Jodie hesitated outside the bright yellow door. ‘You go in first. You know them.’
‘It’s not true, you know,’ I said.
‘What?’
‘About the smell. Rose doesn’t smell of garlic. I’ve checked.’
Jodie pursed her lips. ‘I never said she did.’ All the same, she looked relieved. Yet, still, she hesitated.
‘It’s not true about her mum, either,’ I added.
Jodie looked shifty. ‘What about her mum?’
‘That she’s a drug dealer. I don’t know who made that one up.’‘You can’t be sure,’ Jodie said. ‘I heard the evidence. It sounded pretty convincing.
Anyway, we’re not worrying about that now. We just need to get on with it.’
I’d heard all the rumours about Rose over the years, but I’d never believed them. I didn’t think anybody did, really. But clearly, I was wrong. What about the one saying Rose liked to dance around her garden naked at Midsummer, pretending to be a witch? Or that she was the secret lovechild of a major rock star? Did Jodie believe those, too?
‘She’s just … unusual, OK?‘ I said, in a last-ditch effort to calm Jodie down. We’d never get the band going if she constantly looked nervous that one of her backing singers was going to strip naked and force-feed her drugs or magic potions. Also, it wasn’t just about the band. I’d seen some of what Rose had gone through over the years. I didn’t want her to go through more of it because me. But I knew what Jodie had riding on this meeting and I hoped I could trust her to behave.
‘Yeah – weird, unusual, whatever,’ Jodie snapped. ‘As long as she can sing and play.’
‘You know she can.
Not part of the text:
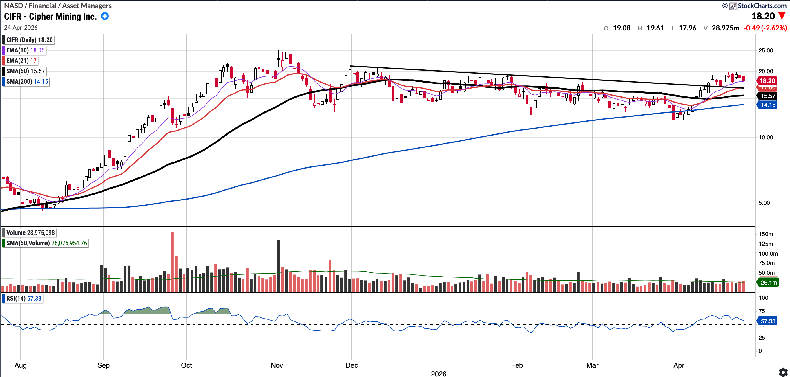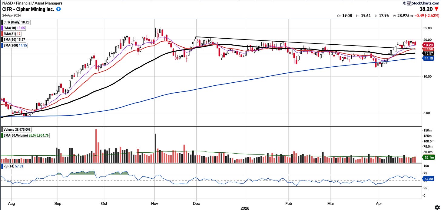 CIFR broke out above the descending trend-line last week; although it finished the week in the red, it successfully held the 10-day EMA as support. I’m looking for a low-volume pullback to the trend-line, which currently coincides with the 21EMA, where I may initiate a long position.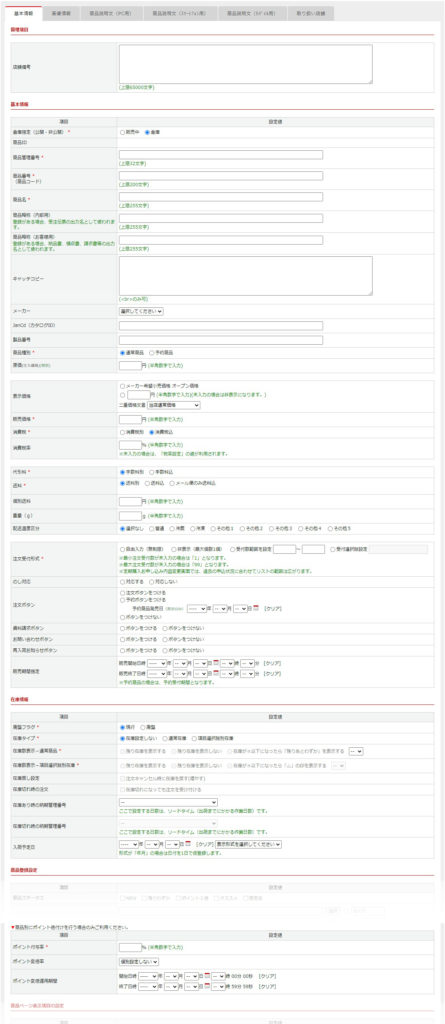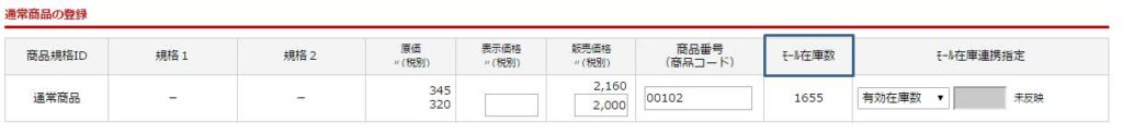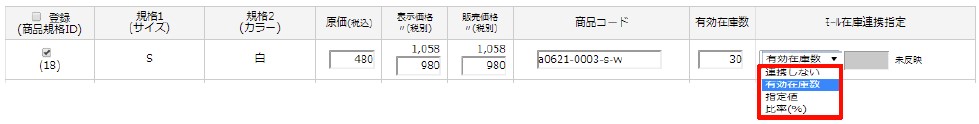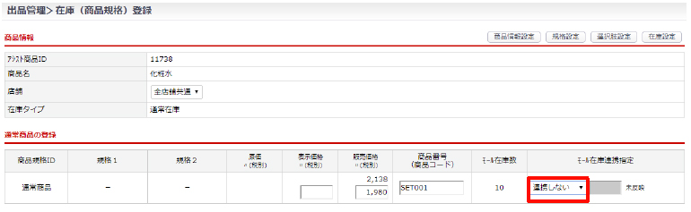 出品管理>在庫(商品規格)登録 – モール連携指定

You told me, remember?’
Jodie nodded uncertainly, and finally I pushed open the door. A plump-faced, kindly woman with her red hair piled in a messy bun looked up from the narrow table where she sat organising nail varnish pots, and smiled hello. Her dangly earrings shimmered as she moved her head, and the bangles on her arms clinked as she waved us in.
‘Sasha Bailey! I haven’t seen you in ages. Come to get your nails done with your friend? I could do you a special rate, if you like.’ She indicated two chairs opposite her. ‘We’re very quiet today.’
‘Actually, it’s Rose we were after,’ I said, hoping the size of my smile outdid the acid look on Jodie’s face. ‘We’ve got a proposition for her.’
Mrs Ireland looked surprised and delighted. From what I knew at school, I imagined people didn’t call for Rose very often.
‘Well, isn’t that lovely? In you go then. Through that door and up the stairs. Door on the right. I’ll put the kettle on.’
Unlike us, Rose and her mum lived in the flat above the shop, which had been built about the time that Jane Austen’s characters were alive. Or alive to me, anyway. Mum always said I took my fiction too seriously. There was a set of narrow and rickety stairs, leading to an upper floor with a low ceiling and walls that seemed to lean in towards the landing, like a playing-card house.
Rose’s door was shut, so I knocked, gently. No answer. So I knocked again, harder. Eventually Jodie brushed past me and bashed on the door with her fist.
‘Are you in there, Rose?’
We heard footsteps padding across the floor and a
[And there it ends. I gave up on it and tried again. Different choices. Another road in the wood.]